With Pink Floyd’s “Welcome to the Machine” playing in the background, Ransom’s kiln-construction students are laying mortar and tapping bricks into place with rubber mallets. He stands in front of them like a conductor facing an orchestra. They started the project in September and are about halfway through construction of a nearly 7-foot-tall, 27-cubic-foot gas/wood assist kiln, which means that it will run primarily on gas but also burn wood during the firing process.
The team will use about 700 specially made bricks designed to withstand temperatures in excess of 1,700 degrees. The students are careful with the mallets; each brick costs about $7 and weighs nearly 9 pounds.

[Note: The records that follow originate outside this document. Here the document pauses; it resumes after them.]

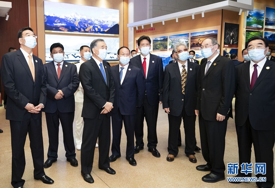 8月18日,以中共中央政治局常委、全国政协主席汪洋为团长的中央代表团飞抵拉萨,出席西藏和平解放70周年庆祝活动。这是汪洋率代表团全体成员来到西藏博物馆,出席《党的光辉照边疆 锦绣高原谱华章——西藏和平解放70周年成就展》开幕式并参观展览。新华社记者 黄敬文 摄
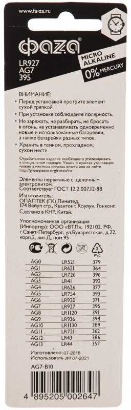 Отзывы о Марганцево-цинковые часовые элементы питания ФАZА AG 7 LR 927 (5002647)
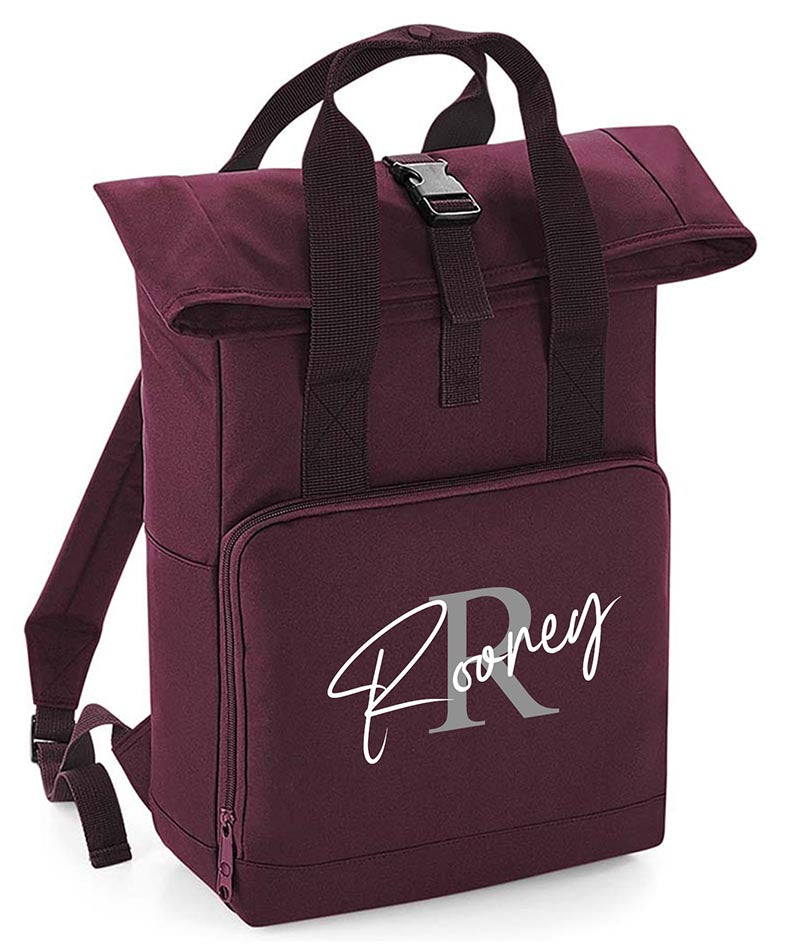 Personalised Backpack with Your Initial Name Twin Handle Roll-Top Backpack
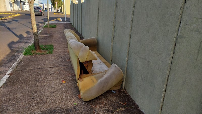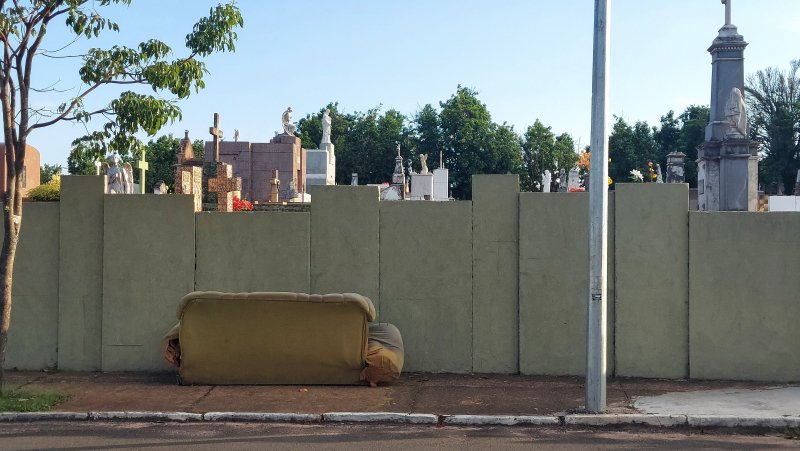 No domingo, 12 de janeiro, frequentadores e transeuntes se depararam com um sofá deixado em frente ao cemitério. Não há informações sobre a autoria do descarte, mas câmeras instaladas no entorno poderão auxiliar na identificação.
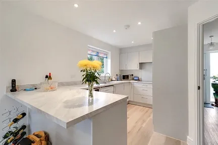 The accommodation is immaculately presented and plentiful in natural light, comprising a spacious central entrance hall with built in storage cupboard and a downstairs toilet housing a WC and wash hand basin. To the right is the open plan kitchen / dining room, which has patio doors leading out to the garden. The kitchen is well fitted with a range of wall and base units, stainless steel sink and drainer with mixer tap, electric induction hob and double oven. There is also an integrated fridge / freezer and space and plumbing for a washing machine and dishwasher.
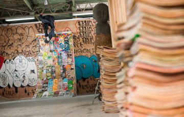 今年は3月23日から30日にかけてバーゼルワールドが開催されるのですが、CASIOのG-SHOCKブースになんと巨大なクオーターパイプが登場します。制作したのは、使い古したデッキを用い彫刻作品を手がけることで知られるHAROSHI。題は“モノリス”。デッキに切り込みを入れてフラットな状態にし、スライドトリックで傷ついたボトムが敢えてランプの表面になるように配置。サイドにはテールやノーズの形でうろこ状の模様を作り、滝を登りきった鯉が竜になるという登竜門の伝説を演出。さらにトップはG-SHOCKの初代モデルの形のタイルやデスボックスを配し、プールコーピングも設置。
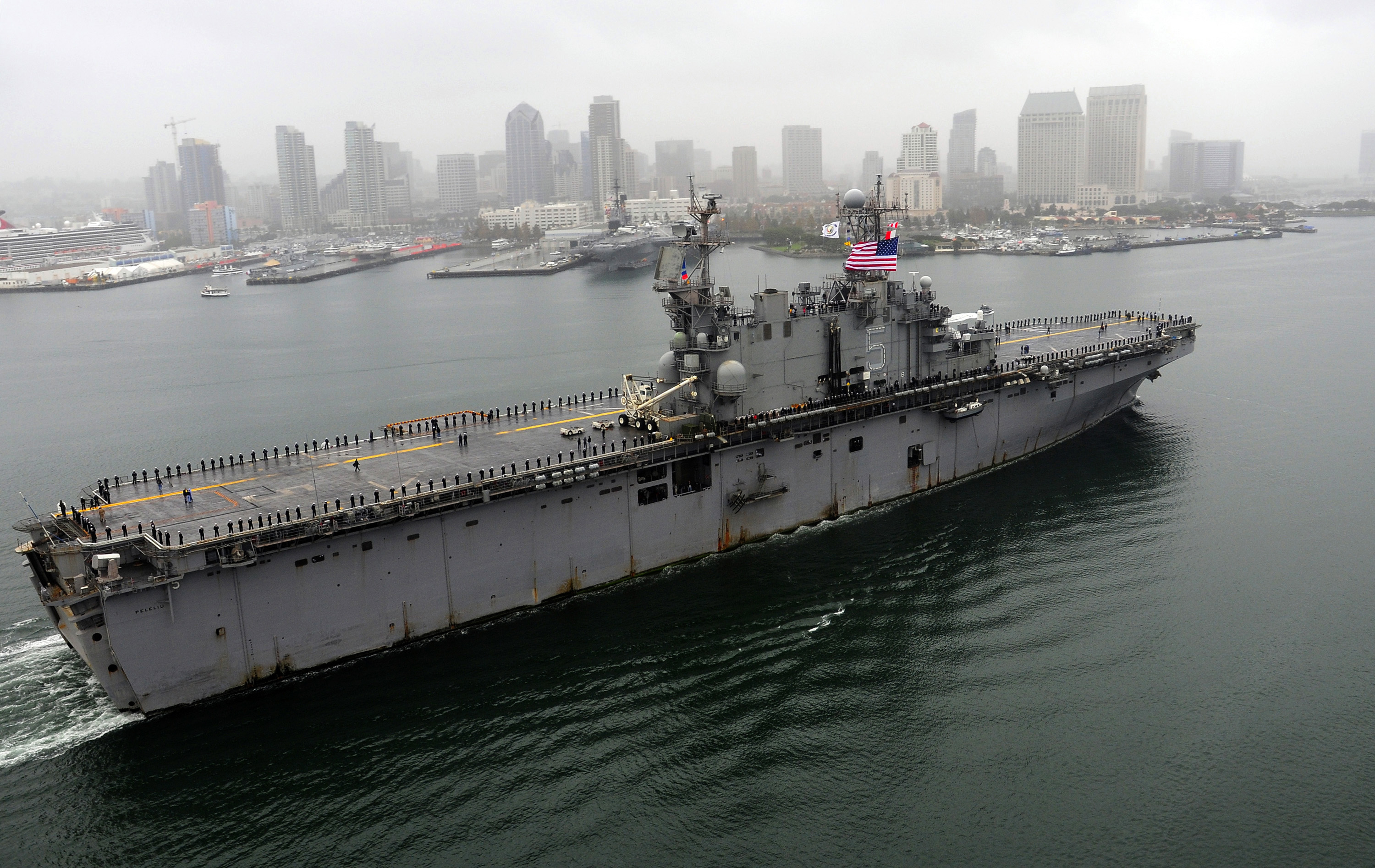 1473k | Sailors man the rail aboard USS Peleliu (LHA-5) as she steams toward her homeport of Naval Station San Diego after completing a six-month deployment to the U.S. 5th and 7th Fleet areas of responsibility. Peleliu, the flagship of the Peleliu Expeditionary Strike Group, deployed in support of U.S. Marine Corps and maritime security operations. US Navy photo # 081104-N-8878B-280 SAN DIEGO (Nov. 4, 2008) by MC3 Michael C. Barton. |
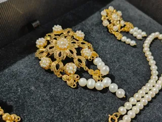 Usada en una ocasion gargantilla y pendientes perla y cristales
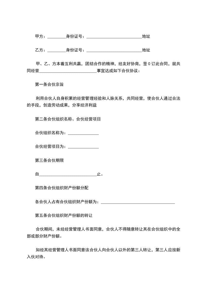 甲、乙、方本着互利共赢,团结合作的精神,经友好协商,签0订此合同,就共同经营____________________________事宜达成如下合伙协议:
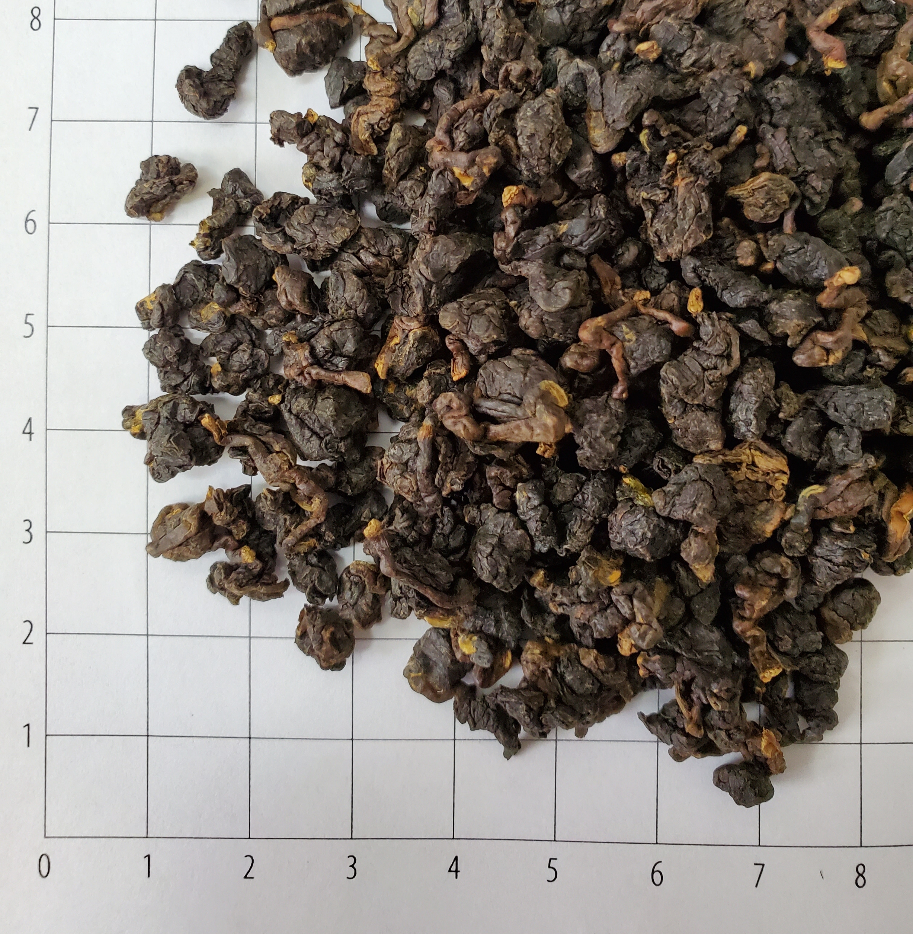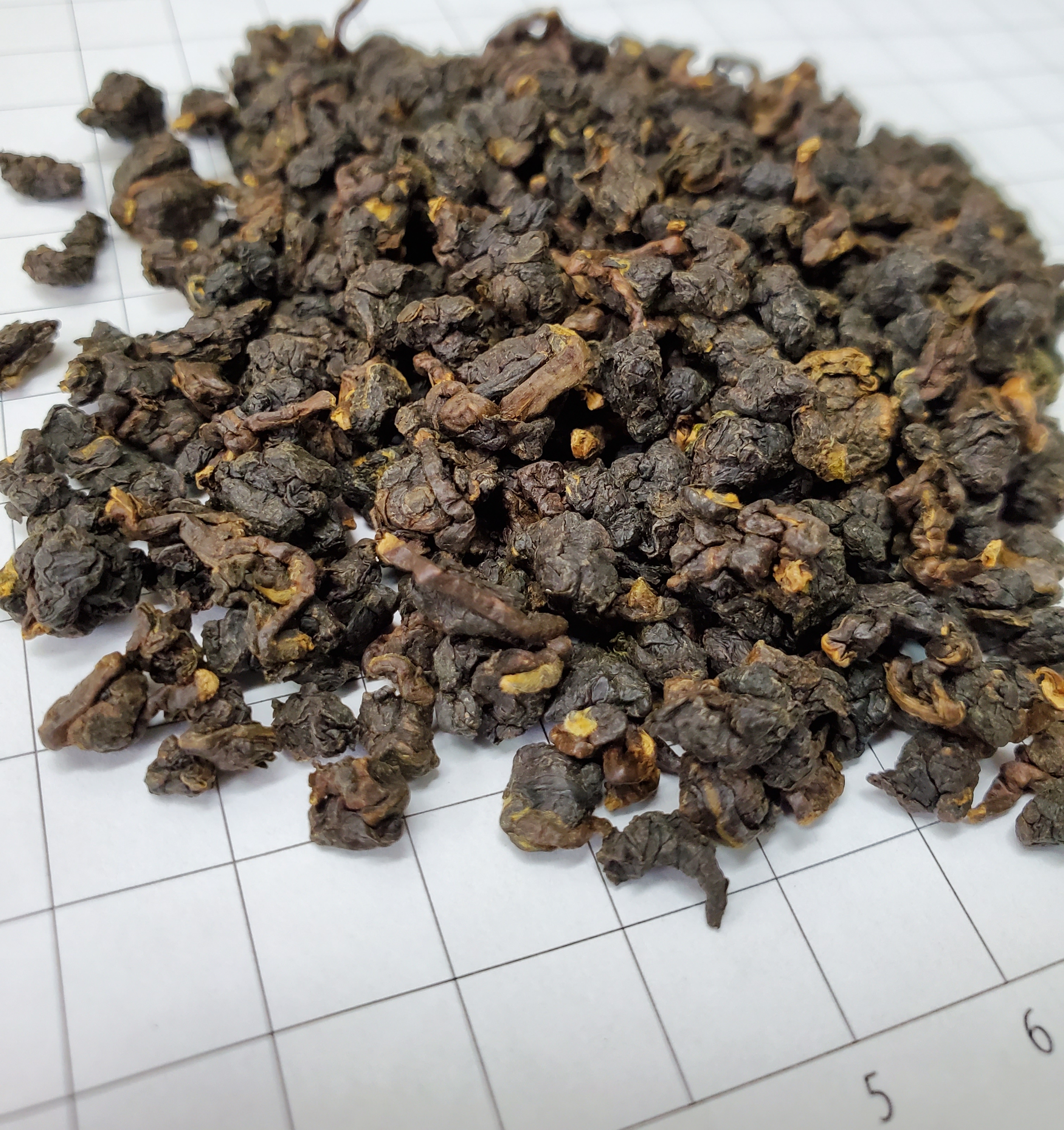 СЫРЬЕ: Используется лист сорта «Улун», сферическая скрутка, сильной ферментации в азоте. Лист темно-коричневый, среднего размера, со светло-коричневыми черешками.
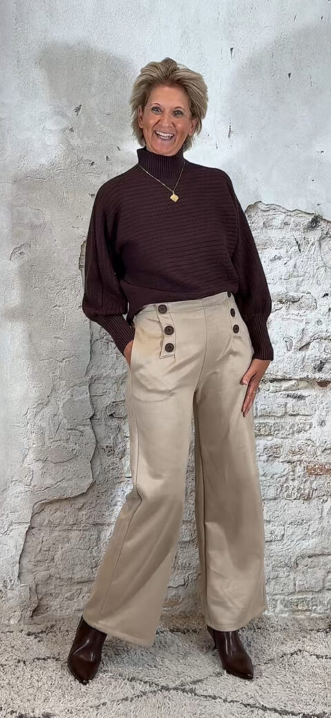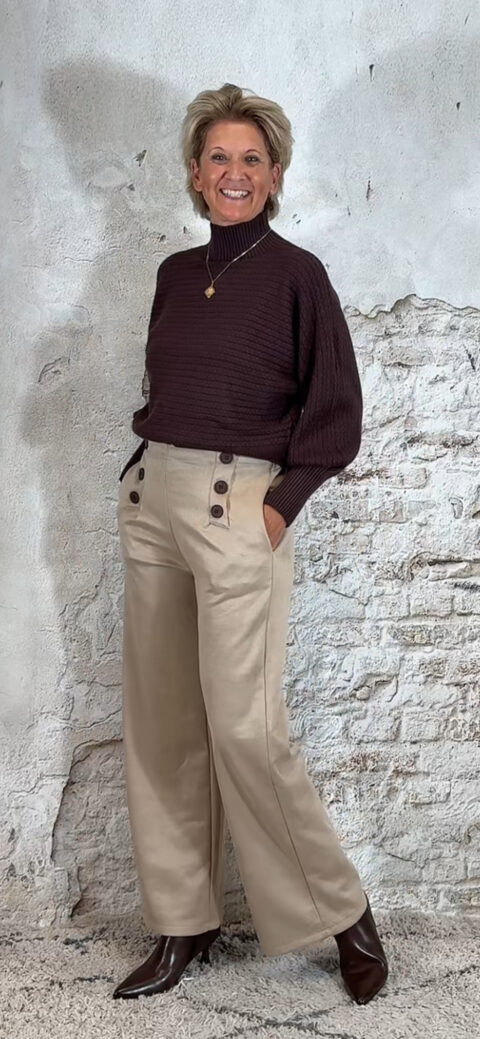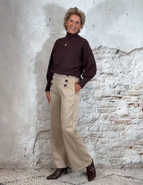 Kleuren: ecru, bruin, camel, zand, bordeaux, donkerblauw, zwart, oudroze, grijs, khaki
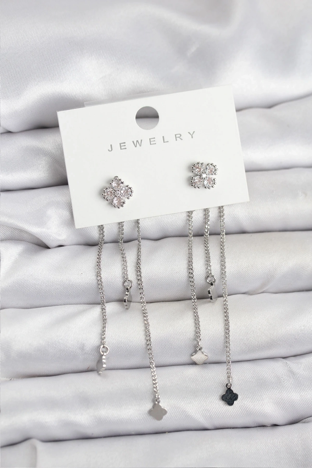 ® Pirinç Gümüş Renk Yonca Model Sallantılı Kadın Küpe

“This must be my 50th kiln, easily,” Ransom says. And he’s especially pleased with the work on this one. “You guys are killing it,” he tells his students. “This is great. We’re going to put whistles going through the arch so that when it gets hot enough, you’ll hear it.
“I’m having so much fun with this kiln.”
An Eckerd faculty member since 1996, Ransom teaches ceramics, sculpture, studio critique and interdisciplinary arts. He also is the founder of the Brian Ransom Ceramics Ensemble, with whom he has recorded and performed his own compositions. Ransom and other musicians play a clay harp, ceramic flugelhorn, whistling water jar, flutes, ceramic bells and other instruments.
But he’s always looking to build a better kiln. Just a few feet from the new kiln is a wood-fired Anagama kiln Ransom and his students built in January 2018.
Construction of a wood-fired Anagama kiln Ransom and his students built in January 2018.
“Right now, we have one salt and one wood kiln,” explains Chris Brady, a senior interdisciplinary arts student from Atlanta who is a leader on the project. “This new one is a hybrid of the two.”
A salt kiln, which uses natural gas for a heat source, typically takes about two days for a firing, Chris adds, while a wood-fired kiln takes about a week. The chemicals released by each process create a different set of colors on the glaze. The hybrid under construction will use both heat sources, take about two days for a firing and create a mixture of colors.
“I got into making pottery and firing kilns long before arriving at Eckerd,” Chris says. “Primarily, my focus was throwing on the potter’s wheel and firing wood-fired kilns. But when I arrived at Eckerd and met Professor Ransom, I was quickly exposed to the vast possibilities that clay provides, the many forms it can take and the countless ways its appearance can be changed simply based on how it’s fired.
“Eckerd gave me the opportunity to explore clay even further, but Professor Ransom pushed me to be bold, take risks, be experimental in my artistic endeavors and continuously try without fear of failure.
“The kiln we’re building this year has the ability to outlive us all,” Chris adds. “In 30 years, I’ll be able to bring my kids to Eckerd and show them the kiln I made when I was their age, my name and handprint still immortalized in its stucco exterior.”